Impacts from Randomizing

I edited the AB testing scipt to randomize the ordering of patients. The fear was that, by chance, a bandit could stumble upon a series of easy to predict patients (ones where all the models correctly classify) and thereby skew how accurate / good the bandit/model actually is at correctly predicting patient attendance.

I performed all ANOVA comparisions among randomized vs non-randomized ordering of patients for AB testing.

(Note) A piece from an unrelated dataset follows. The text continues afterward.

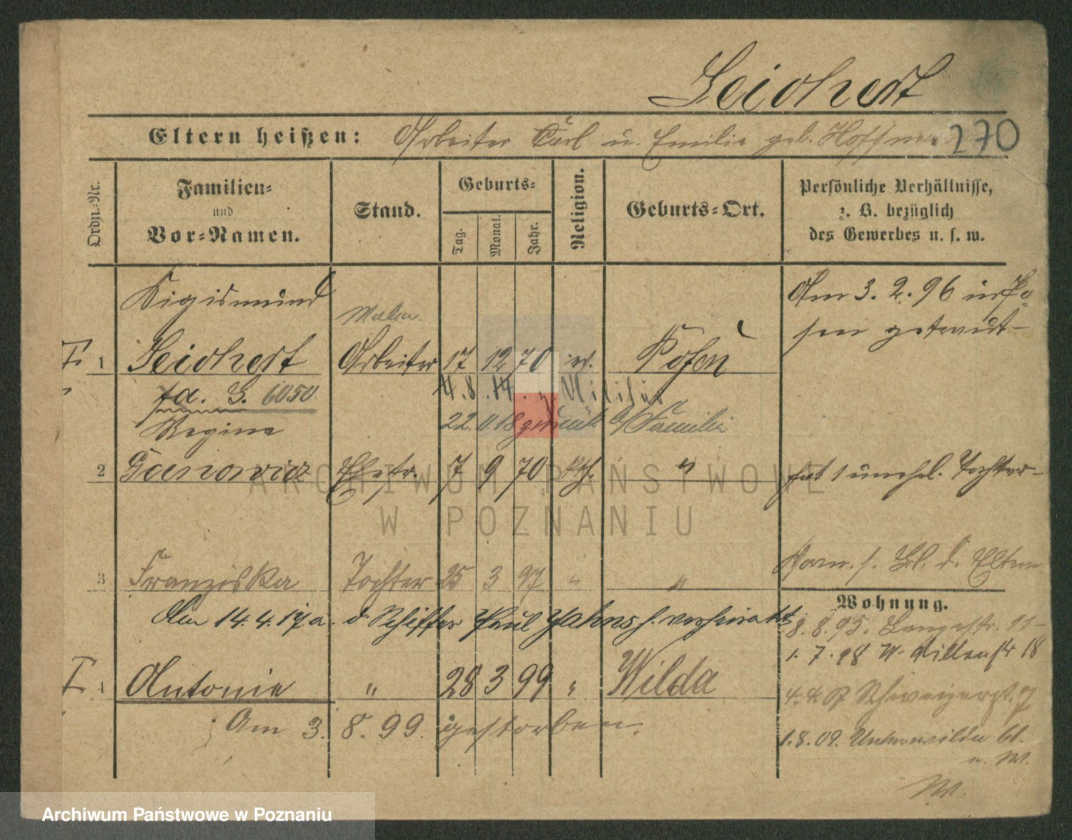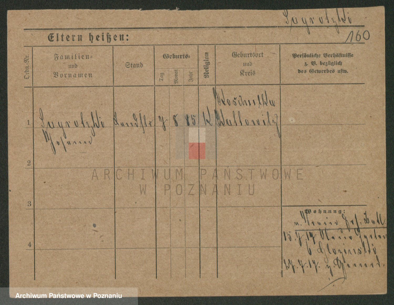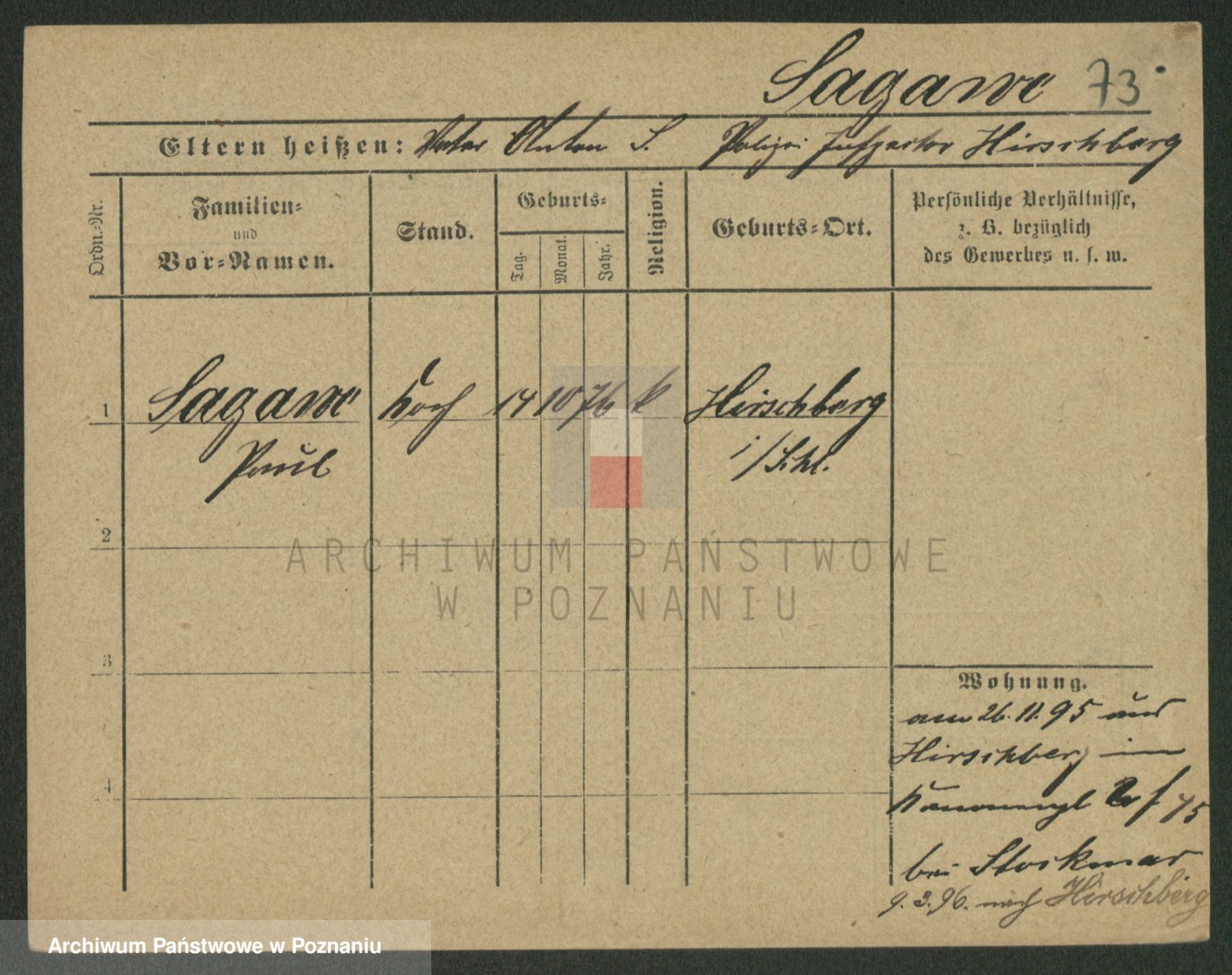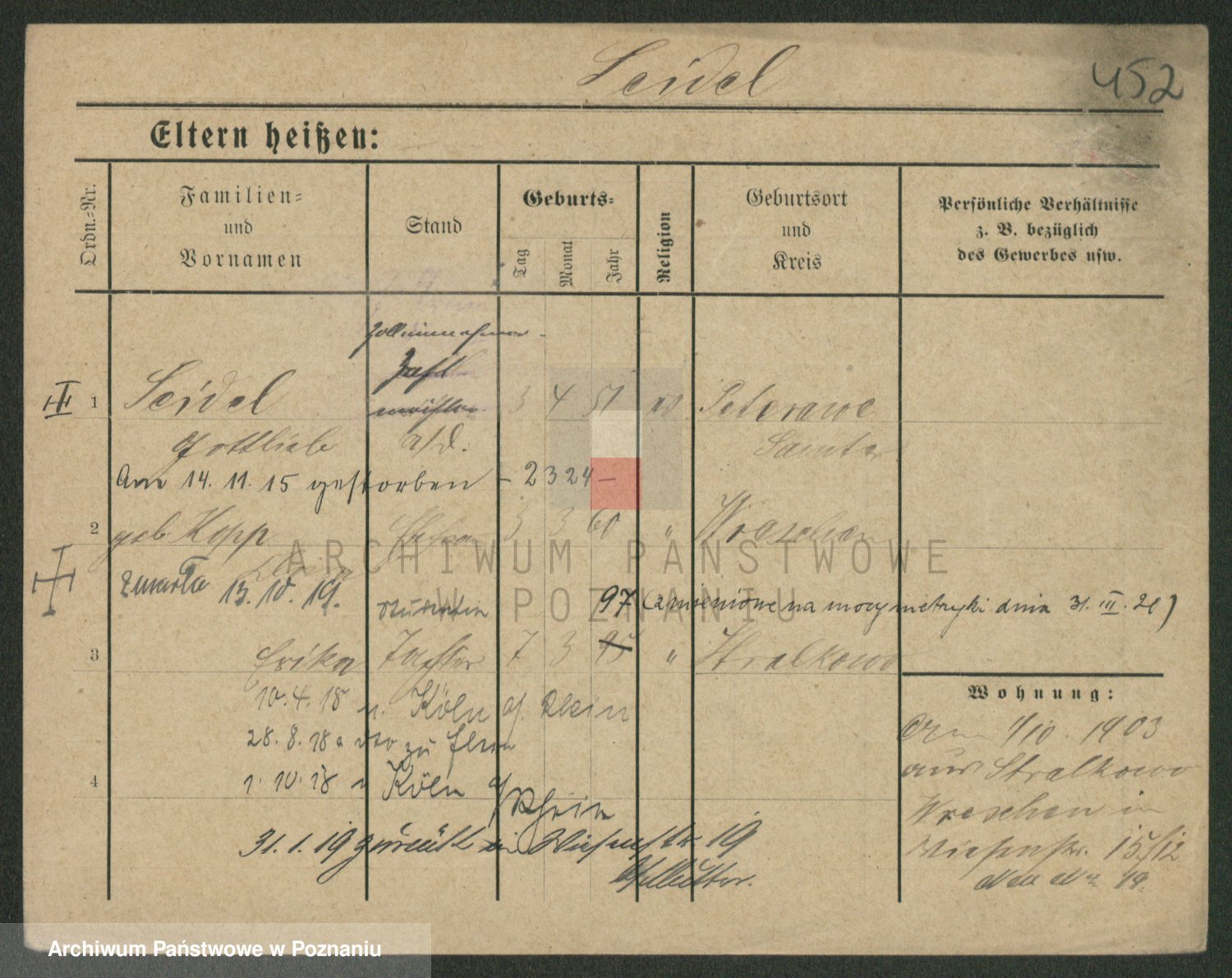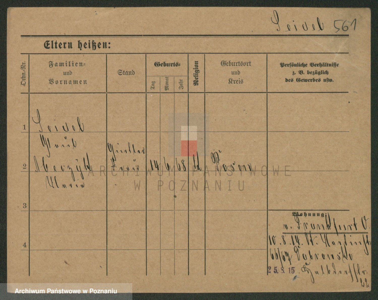 Podgląd karty osobowej dostępny jest po kliknięciu na nazwisko lub ikonkę karty. Można dokonywać powiększenia (ikony na górze) lub przechodzić między kolejnymi skanami (strzałki po bokach).
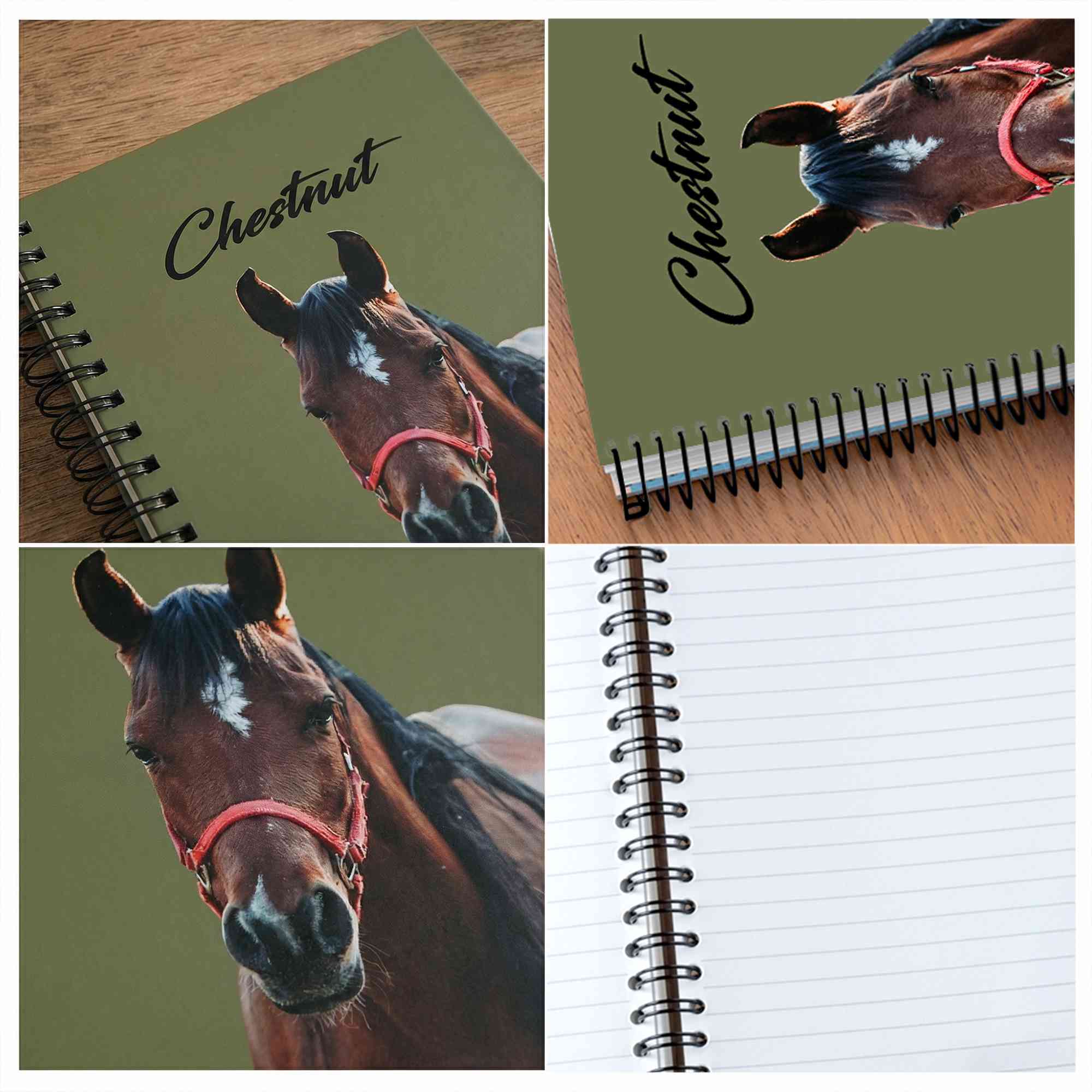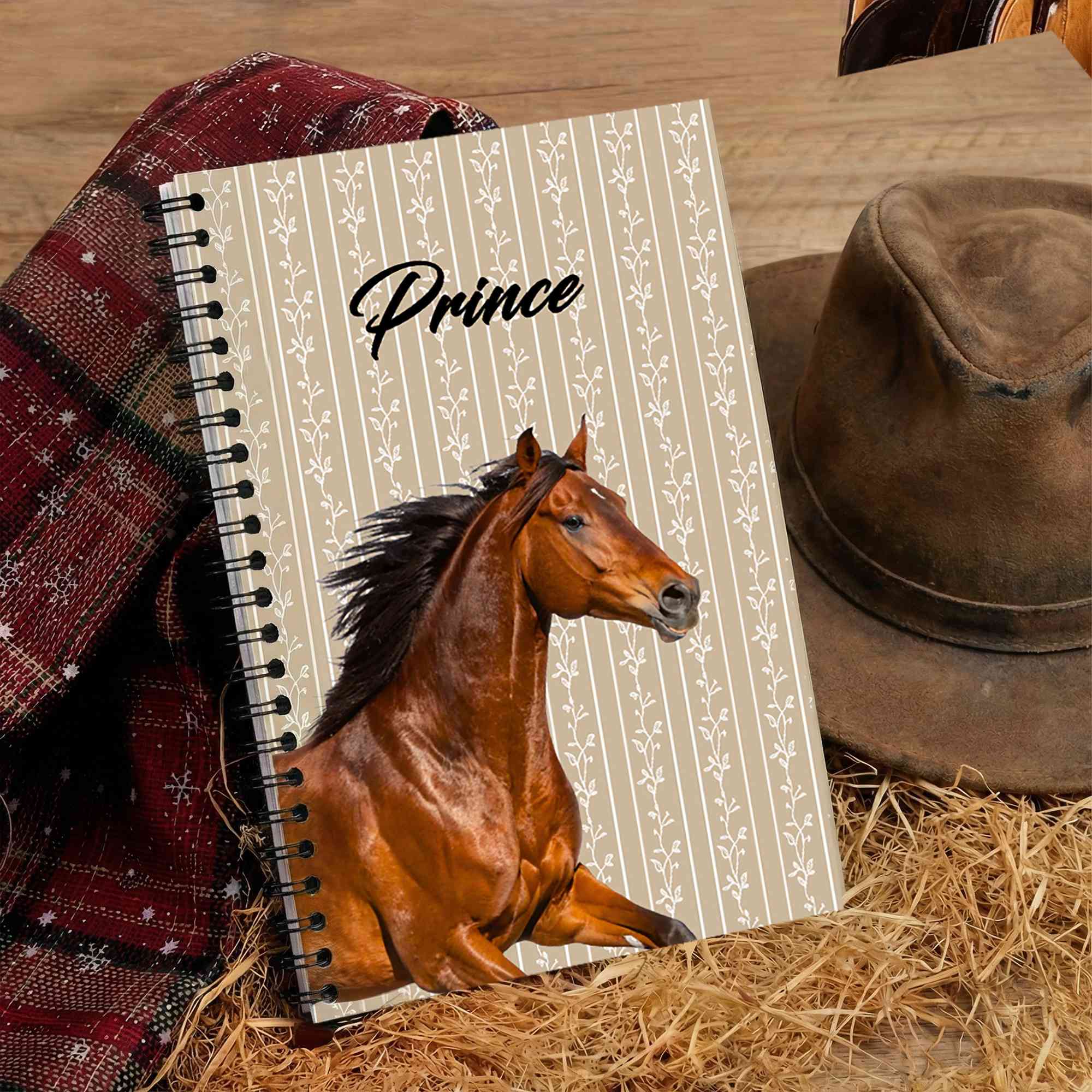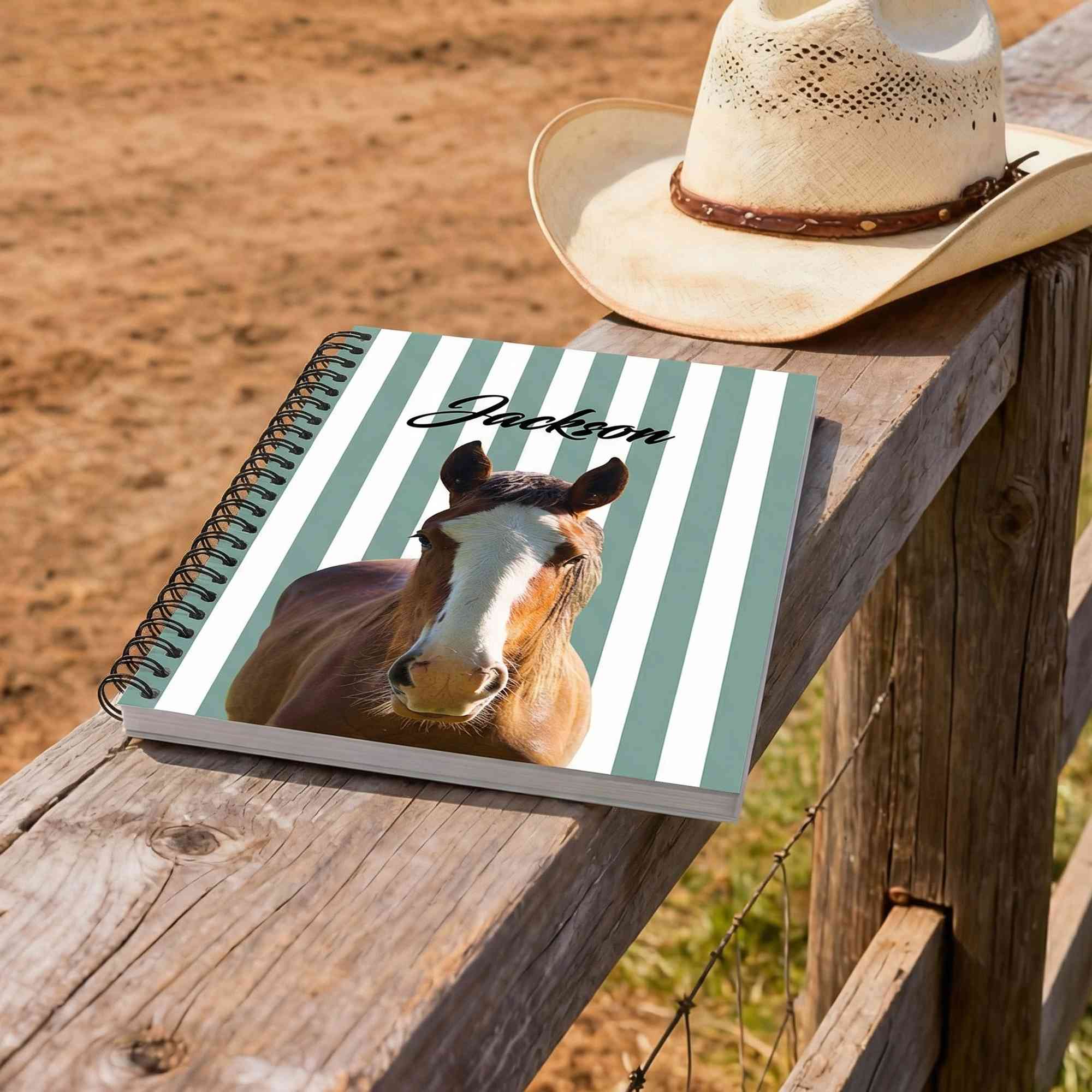 Custom Horse Portrait Design - Inspired by the elegance and strength of horses, this notebook features a creative equine portrait style. It combines realistic horse artwork with personalized name customization to emphasize a meaningful bond. Optional background designs such as stripes or horseshoe motifs let you match your personal style, turning simple stationery into a cherished keepsake.

All p-values were between .22 and .98

There are No significant differences among win rates for models which had patients were ranomly chosen vs the arbitrary order from camp output.

Unique Patients

What are the Most unique Patients?

Due to the binomal nature of classification we need to break Unique into two groups:

  1. Those patients who attend and No models predict they will attend
  2. Those patients who do NOT attend but All models predict they will attend

There are 245 unique patients among 73,000 tested that would be considered the Most unique

What are the next most unique Patients?

Due to the binomal nature of classification we need to break Unique into two groups:

  1. Those patients who attend and 1/3 model predicts they will attend
  2. Those patients who do NOT attend and 2/3 models predict they will attend

Next Steps

Question to ponder:

  • How similar was my approach to the recent google research

  • Is there conflicting data within and among camp locations? --As in patient A has values 1,1,1 for characteristics ABC, and does NOT attend and patient B has 1,1,1 for characteristics ABC, and DOES attend? Thinking about this as permutations there would be 2^N different ways for each binary outcome.

  • Clustering patients might reveal trends and predictors

  • I would like to see if multi-class models can predict how many models successfully predicted a patients attendance -- As in if 4 models were successful (success = 4) is there a meta pattern that could be learned?